Well since the addition of the Co2 system the growth has been unblieveable! Anyone debating on getting Co2 do it. You will not believe how your plants will take off. I have been wanting to do this rescape for a while now. I am going to add some more plants once it gets warm out and shipping is a little safer.

This pic is from when I first got my plants about a month or so ago. The jungle val only grew about a inch in that time..









Here is pics that I just took after the rescape. The one jungle val is touching the top of the water. The amazon swords (i believe) havent grown very much but they are getting alot of new leaves and getting greener by the day. 


















Had to throw this pic in....


----------



## FEEFA (Nov 19, 2007)

Looks great, nice and clean, That is one lucky elong, he's grown nicely


----------



## Trigga (Jul 1, 2006)

original looks way better man the new one just looks real plain unless your gonna trick out that gravel with a lush carpet i would put it back the old way it looks a lot better


----------



## lo4life (Aug 12, 2008)

He flew up to 4 inches but gettin slow on the growth now. Prolly grew 1/2 inch in the first month now really hasnt grown that much.. Typical Serra. I love them but it sucks how slow they grow.

Trigga thats what the plan is with the carpet. Im just trying to hide all the canister stuff, Co2 diffuser, and that one heater. Gonna get alot more plants come this summer.
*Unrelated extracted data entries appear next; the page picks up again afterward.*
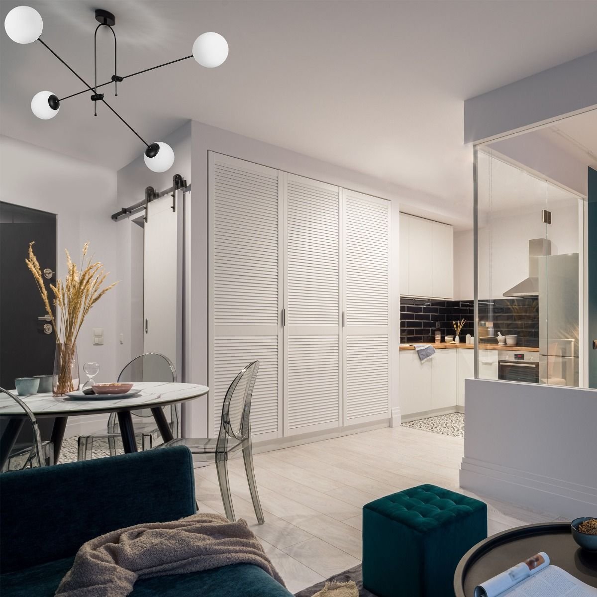 Lustră modernă pentru interior, cu 4 surse de iluminare, realizată din metal și sticlă, ideală pentru livinguri sau spații contemporane ample.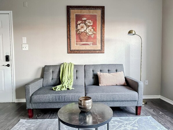 Enjoy a comfortable and well-equipped stay in this modern 1-bedroom apartment, offering everything you need for a relaxing and hassle-free experience. The space is fully furnished with all the essentials, including quality amenities and toiletries to make your stay enjoyable. The apartment includes a cozy living room, a functional kitchen, a comfortable bedroom, and a clean, well-maintained bathroom. For added convenience, the living room also features a futon, perfect for extra sleeping space. It’s the perfect choice for a practical and pleasant stay.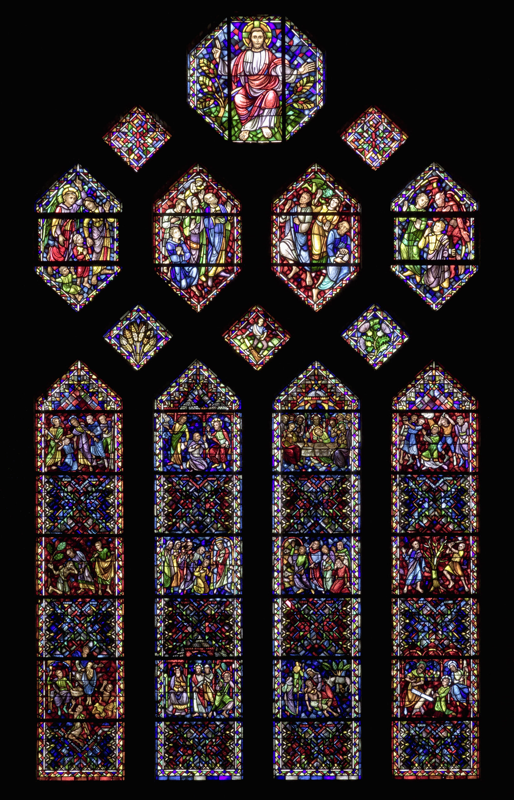 De ramen van het zuidertransept (Vleutenseweg) geven een uitbeelding van de zaligsprekingen weer. Daarboven wordt het Laatste Oordeel uitgebeeld en het raam wordt bekroond door de Christus Pantocrator – Christus de Albeheerser.

Half is gonna be alot of plants the other will be a carpet for swimming room.


----------



## FEEFA (Nov 19, 2007)

With those conditions it'll be 6 inches before ya know it............not
But I hope it does :laugh:


----------



## lo4life (Aug 12, 2008)

^No doubt so do I. Been sneekin small pieces of pellets in his smelt so that should help a little.


----------



## ryanimpreza (Jul 19, 2006)

lookin good man, what other plans do you have for it. I love elongs, aggressive little bastards. Your drop checker is blue, did the lights just turn on or do you need to adjust your co2?


----------



## lo4life (Aug 12, 2008)

I havent been able to stay home a whole day ryan. Im off school today so I will be adjusting it throughout the day. I just didnt want to crank it up to much and come home to see my fish either dead or at the top of the tank gasping for air. Right now its at about 1.5bps. Gonna bump it up to 2bps and see what thtat does.


----------



## ryanimpreza (Jul 19, 2006)

lo4life said:


> I havent been able to stay home a whole day ryan. Im off school today so I will be adjusting it throughout the day. I just didnt want to crank it up to much and come home to see my fish either dead or at the top of the tank gasping for air. Right now its at about 1.5bps. Gonna bump it up to 2bps and see what thtat does.
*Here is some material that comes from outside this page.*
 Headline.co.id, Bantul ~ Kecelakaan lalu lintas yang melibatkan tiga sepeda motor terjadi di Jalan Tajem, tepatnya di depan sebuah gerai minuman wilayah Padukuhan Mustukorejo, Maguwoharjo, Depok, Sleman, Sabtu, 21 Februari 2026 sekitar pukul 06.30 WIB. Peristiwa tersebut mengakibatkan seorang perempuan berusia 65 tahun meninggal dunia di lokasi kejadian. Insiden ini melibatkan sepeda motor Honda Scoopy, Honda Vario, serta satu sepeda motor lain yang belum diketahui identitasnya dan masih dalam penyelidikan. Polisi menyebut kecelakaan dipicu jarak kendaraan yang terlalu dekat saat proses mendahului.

I see. I also forgot you don't have the solenoid. That will help.


----------



## lo4life (Aug 12, 2008)

Nope not yett. I get up at the same time every day so its always consistant.


----------



## ryanimpreza (Jul 19, 2006)

lo4life said:


> Nope not yett. I get up at the same time every day so its always consistant.


good call


----------



## DiPpY eGgS (Mar 6, 2005)

Awesome you have CO2, it's the way to go.
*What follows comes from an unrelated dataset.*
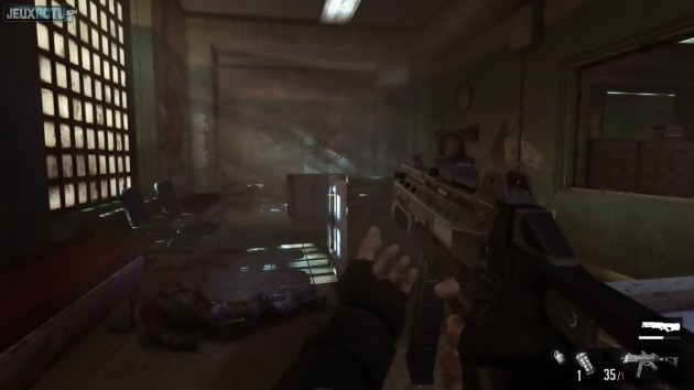 Ce gameplay bipolaire offre une bonne rejouabilité à la campagne solo, qu'on pourra parcourir jusqu'à trois fois sans trop se lasser (une fois avec le Point Man, une fois avec Paxton Fettel, une fois en coop). On ne la blâmera donc pas pour sa durée de vie initiale un peu légère. Il faut en effet compter environ sept heures pour en faire le tour, ce qui constitue hélas la moyenne du genre de nos jours. Durant ce laps de temps, on profite d'un système de couverture tellement bien pensé qu'il ferait presque oublier l'absence de lean. Mais n'allez pas croire que le fait de se mettre à l'abri soit gage d'une sécurité totale ! L'intelligence artificielle, qui a plus d'un tour dans son sac, n'hésitera pas à vous contourner et à venir vous déloger. Les commentaires des ennemis donnent de précieuses indications sur leurs décisions, et le tout forme une ambiance crédible. Puisque l'on parle d'ambiance, signalons que FEAR 3 mise plus sur l'action que sur l'épouvante. On a bien droit ici ou là à quelques hallucinations sanguinolentes ou à quelques apparitions impromptues d'Alma, mais on sursaute rarement. Symbole parfait de ce changement d'orientation : un système de score fait son apparition. En réalisant certaines actions (25 tirs en pleine tête, 30 ramassages de munitions, 60 secondes passées au ralenti ou en possession d'un ennemi...) on obtient des points de défis. A la manière d'une barre d'expérience, le score qui en résulte débloque régulièrement quelques améliorations (durée du ralenti, nombre de chargeurs par arme, régénération de santé...). En coop, le résultat des défis décide même de la fin du jeu, qui change donc selon qui de Paxton ou du Point Man a réalisé les meilleures performances. C'est fun, motivant, mais cela peut aussi nuire à l'immersion pour certains joueurs. Tout le monde devrait en revanche s'accorder sur la bonne puissance des armes (notamment le fusil à pompe bien dynamique) et la qualité des graphismes, à la hauteur des exigences modernes.

When you get more plant mass in there, it will look killer IMO
That fish looks good in there too.


----------



## lo4life (Aug 12, 2008)

Yea. Just wanted to give him somewhere to hide and cover some stuff up. Should look better in a month er two once I get my Co2 dialed in. Not home that much during the week with school and all the other crap.. So I just bump it up when i spend the whole day at home and can check up on him every now and then. He seems to like it. Didnt freek out at all. The ghost shrimp in the tank did though. They was runnin all around the tank. It was kinda comical to watch.


----------